The Merce Cunningham Trust, which oversees the experimental dancer and choreographer’s work, said today that it is organizing a centennial celebration of his birth. Starting this fall and running through April 2019, the program will include dozens of events scheduled to happen at institutions around the world. It comes hot on the heels of a Cunningham retrospective presented by the Walker Art Center in Minneapolis and the Museum of Contemporary Art in Chicago last year.

Among the most spectacular-sounding programs is “Night of 100 Solos: A Centennial Event,” in which 100 dancers at four venues—the Brooklyn Academy of Music, the University of California Los Angeles’s Center for the Art of Performance, the Barbican in London, and the Opéra Comique in Paris—will perform 100 solos that Cunningham staged over the course of his career. The events will occur on April 16, 2019, when Cunningham would’ve turned 100. (He died at 90 in 2009.)

Screenings of Cunningham’s films and videos, which were prominently displayed in the Walker and MCA shows, are also being planned around the world. They’ll occur at venues such as the Anthology Film Archives in New York, the Festival Danza en la Ciudad in Bogotá, and Dance Film SF in San Francisco.

And there is even something for food aficionados as well. Cunningham’s partner, the composer John Cage, was known for his macrobiotic creations, and the celebration will also include dinners with menus inspired by Cage’s cooking. The Ace Hotel has signed on as one of the hosts.

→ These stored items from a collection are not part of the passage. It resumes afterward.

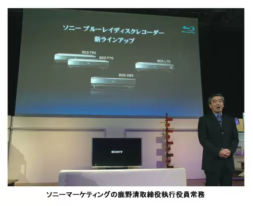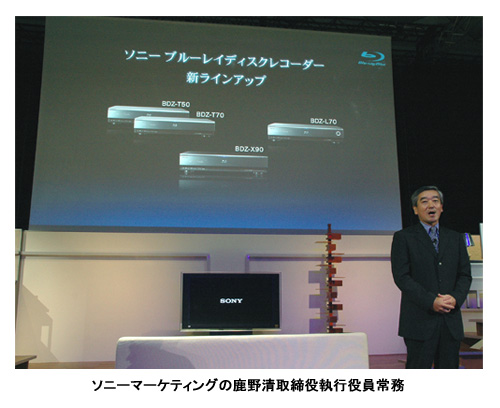 ソニーでは今回の製品を皮切りに、BDレコーダーの展開を加速する。発表会で、井原勝美・副社長は、「ソニーのレコーダーは、ブルーレイを軸足とした商品開発を行い、国内のレコーダーは全てブルーレイ対応モデルにしていく」と抱負を述べた。
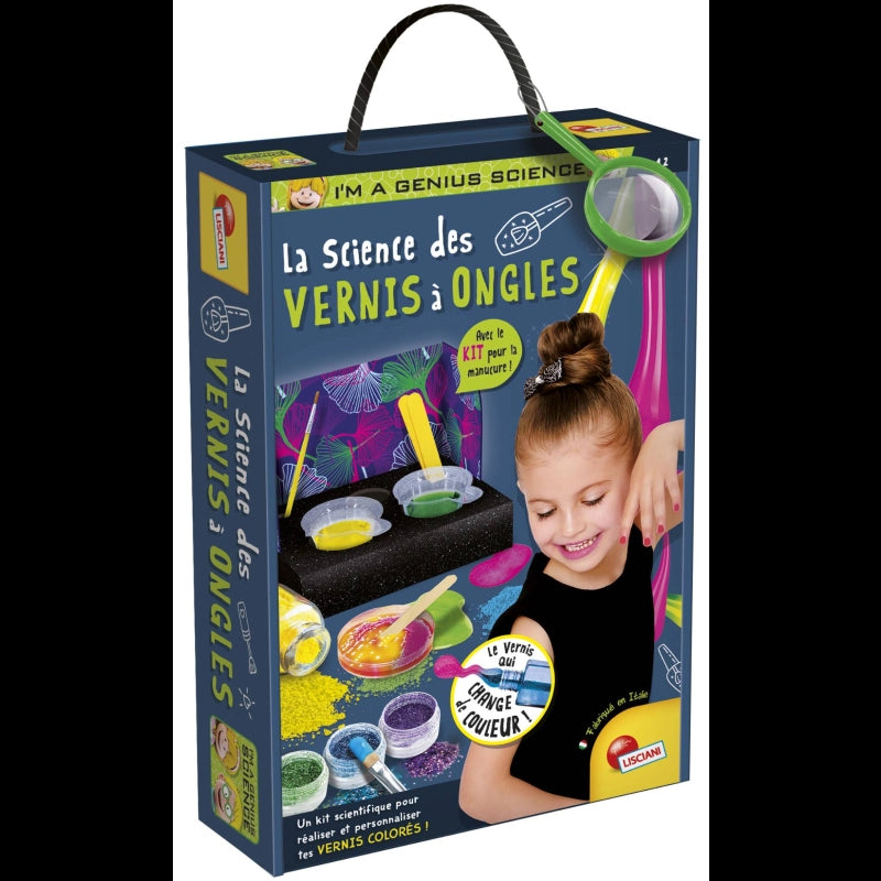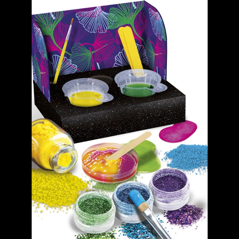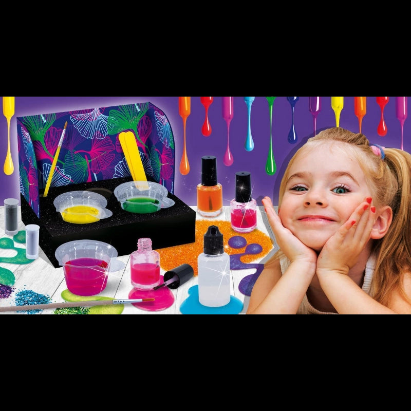 Create and customize your colored nail polishes!Have fun creating colorful polishes and personalizing them with sparkling glitter. Also, your polish will change color every time it comes in contact with cold or hot water!-Includes: Nail polish base, colored pigment, glitter, pigment that changes color with light, pigment that changes color with temperature, small wooden brush, paintbrush, small empty bottles, and illustrated manual.
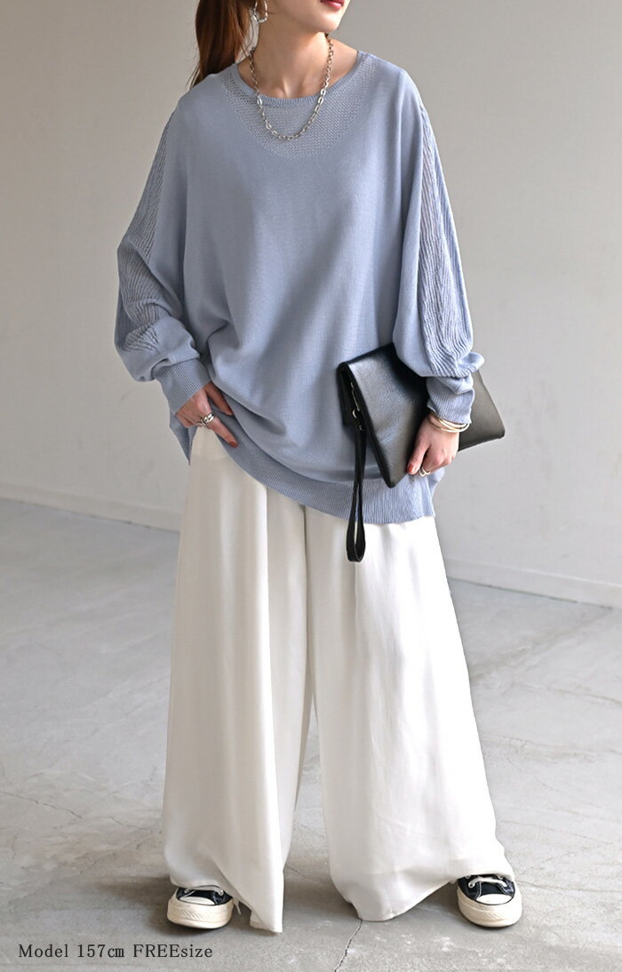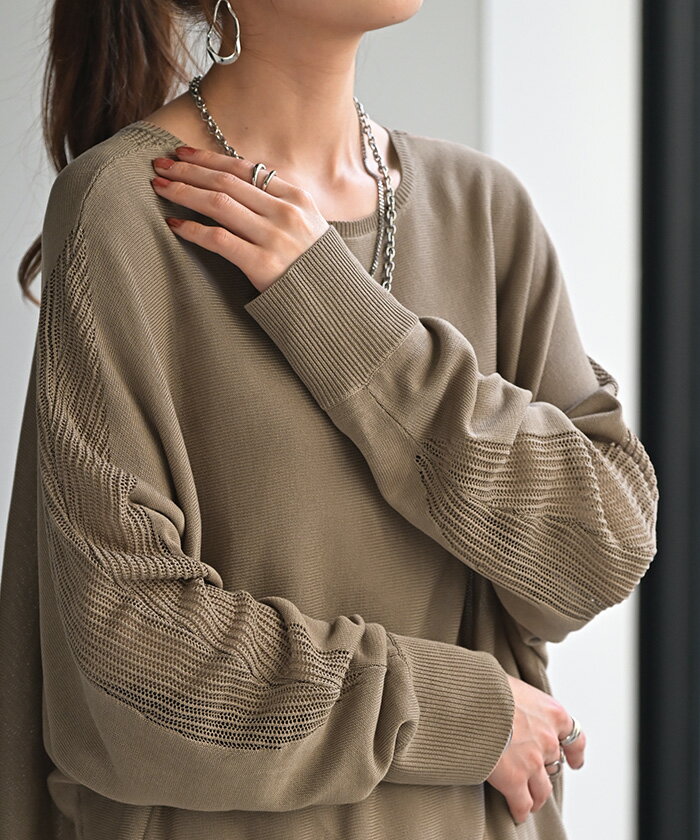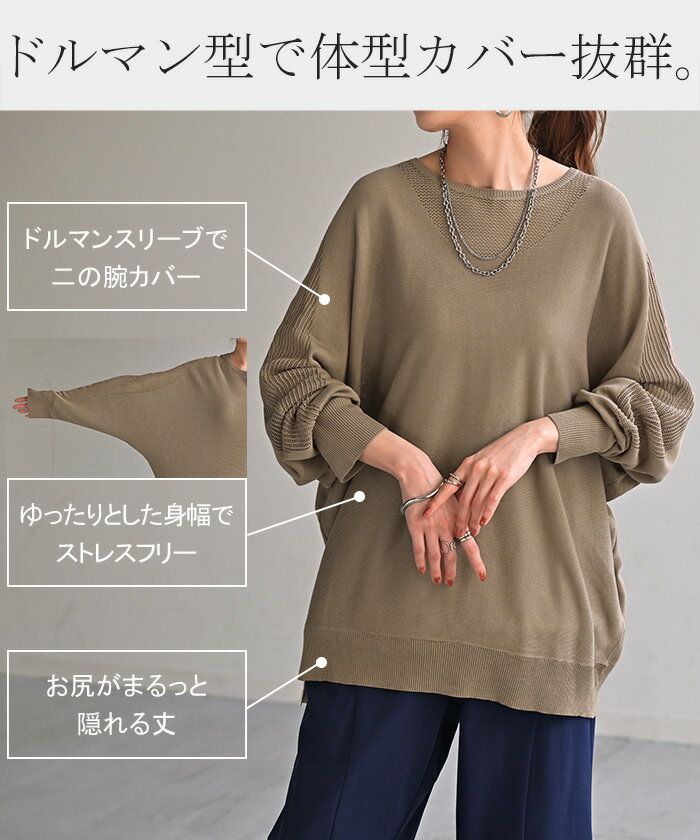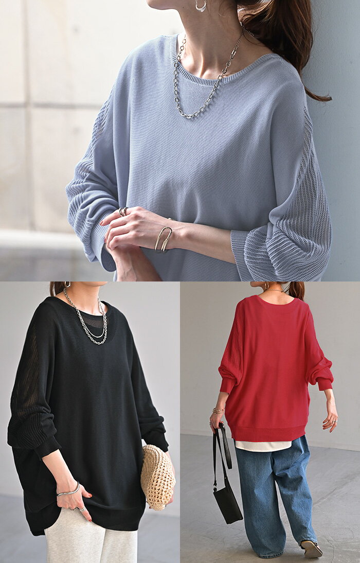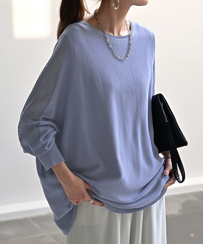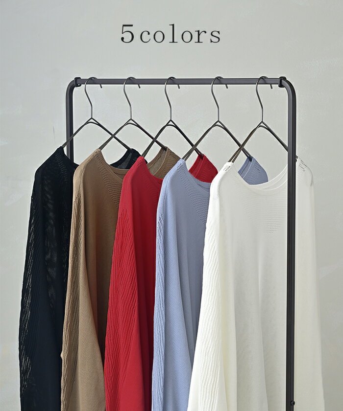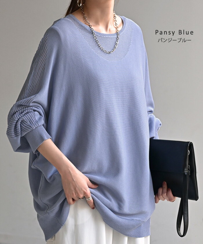 ニット 前後2WAY サマーニット 【即納】 レディース トップス セーター オーバー 透かし編み 涼しい メッシュ プルオーバー ロング 長袖 長い レイヤード 薄手 シアー チュニック ドルマン ゆったり 大きいサイズ 体型カバー お尻が隠れる 黒 春 夏 HUG.U
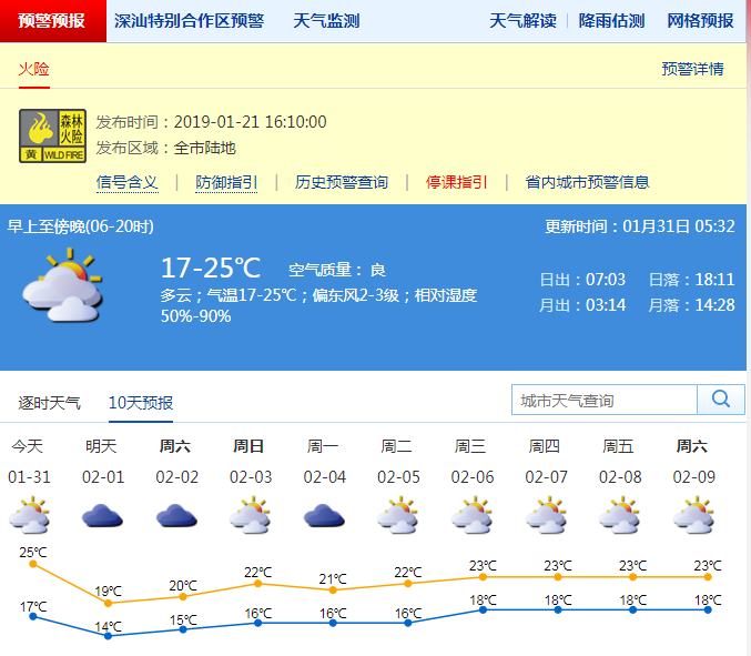 深圳新聞網(wǎng)2019年1月31日訊 深圳氣象局預(yù)計(jì)31日陰天間多云,偶有零星小雨,有輕霧或輕微霾,氣溫16-25℃;1-5日陰天間多云,部分時(shí)間可見陽光,間中有零星小雨,氣溫小幅波動,其中1日受冷空氣影響,沿海和高地偏北風(fēng)最大陣風(fēng)7級,最低氣溫略降3℃左右,3-4日暖濕氣流加強(qiáng),早晚有輕霧或霧。
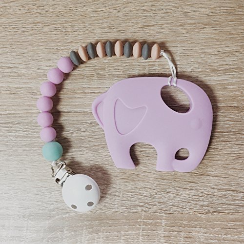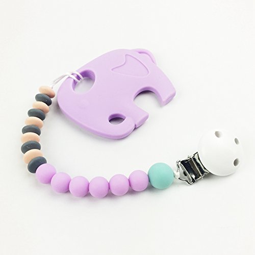 赤ちゃんのおしゃぶり シリコン 歯固めジュエリー 動物は歯がためおもちゃ ママ授乳ペンダント おしゃぶりクリップ アクセサリー[BPAフリー][FDA認可済]安全 無味 象 パープル
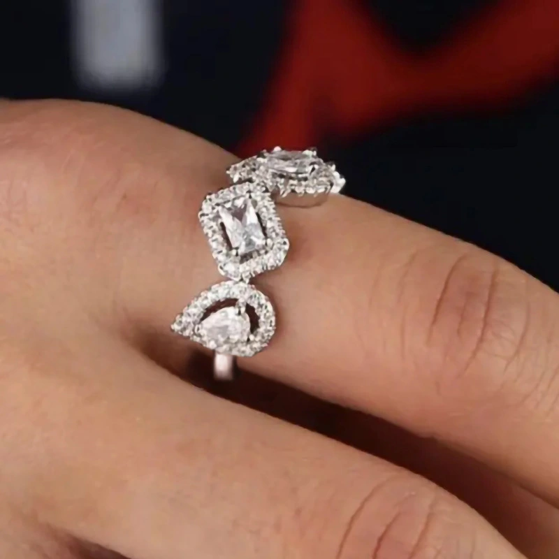 خاتم صغير فاخر فرنسي رائج البيع على شكل قطرة ماء على شكل زهرة خاصة خاتم إصبع السبابة للأميرة
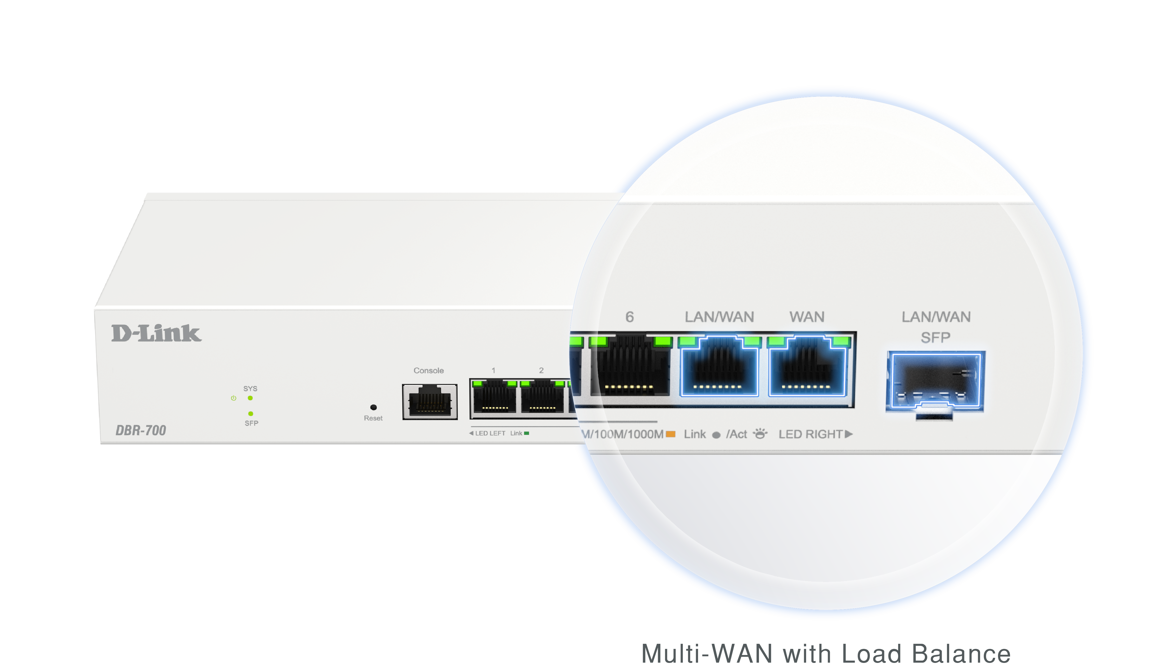 With up to 3 WAN ports, the DBR-700 keeps your business always connected. Load balancing distributes network traffic across multiple WAN connections, preventing any single connection from being overwhelmed, averaging overall internet usage, and ensuring continuity with backup connections in case of failures.
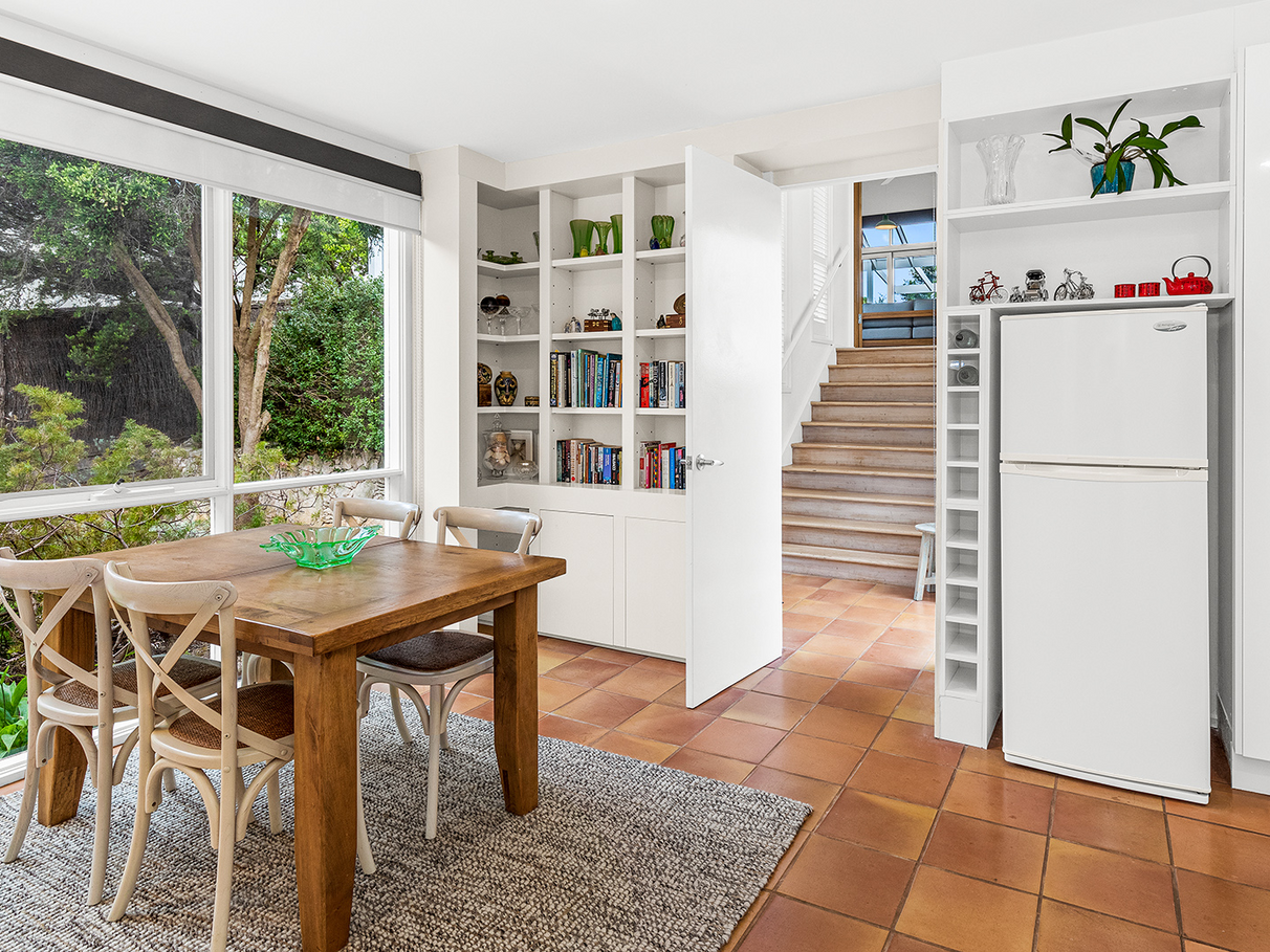The loose stone driveway invites you into the secluded, leafy property. Impressive inside and out, the home showcases an abundance of natural light, local lime stone walls and high quality fixtures and fittings throughout. The main entry takes you into the lower level including a recreational area with built- in bar, bookcase with terracotta tiles, bathroom with double vanity, laundry and two bedrooms both with built-in robes. To the right of the main entry is a wide timber stairway "Bridge" between the lower and upper level of the house.
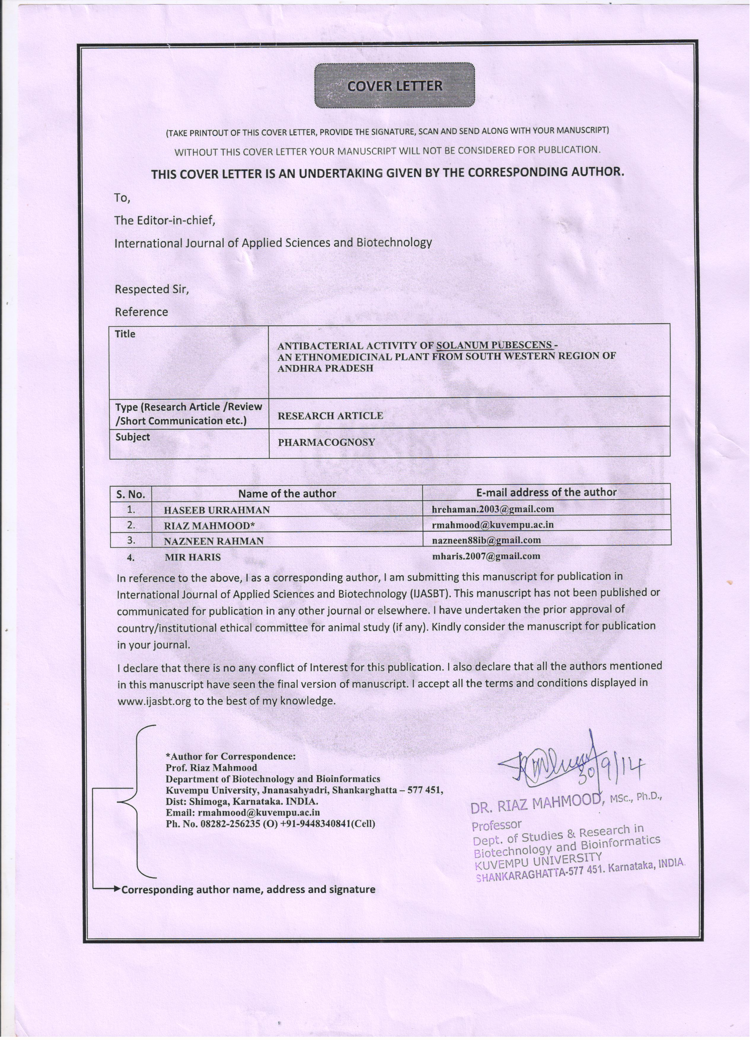 The present movement to find out alternative antibacterial drugs from medicinal plants and the presence bioactive phytochemicals in fruit andstem bark of Solanum pubescens, promoted the authors to take up the antibacterial evaluation of fruit and stem bark extracts of Solanumpubescens. Against clinical and plant pathogenic bacterial strains by employing the methods of National Committee for Clinical LaboratoryStandards (NCCLS). It was observed that all the extracts showed inhibition zone against one or more of the tested bacteria between 80 to 160 μg/ml concentrationswith 3.17 ±0.17 to 10 ± 0.17 mm inhibition. The spectroscopic determination of MIC and MBC exhibited by extracts went between 100-300μg/ml. In fruit extracts, fruit chloroform (FC) has inhibited all the tested organisms, similarly, fruit ethyl acetate (FEA) inhibited Bacillussubtilis and Xanthomonas sp. whereas, fruit ethanol (FET) has been restricted to inhibit Bacillus subtilis at 100 μg/ml. Furthermore, amongall the active extracts of stem bark extracts bark chloroform (BC) showed potential inhibition of Bacillus subtilis and Escherichia coli with81.44% and 82.17% respectively. Similarly, bark bottom crystals (BBC) extracts inhibited Bacillus cereus and Xanthomonas sp. with 77.38%and 77.72% respective inhibition at 100 μg/ml concentration.The present exploration has revealed that the extracts from fruit and stem bark of S. pubescens revealed potential antibacterial activity againstGram (+) and Gram (-) bacteria, which are validating the ethnomedicinal claims and this the first report of investigation of above extracts forits antibacterial activity.

Trevor Carlson, the producer of the centennial, said in a statement, “Merce liked saying he didn’t want to celebrate his birthday and yet he always enjoyed when we threw parties for him. My goal as Centennial Producer is to cull from the joys and knowledge gained from my past experience in producing the activities of the Merce Cunningham Dance Company, Archives, School and Foundation, and to use them in a rich and varied celebration that bolsters the future plans of the Trust.”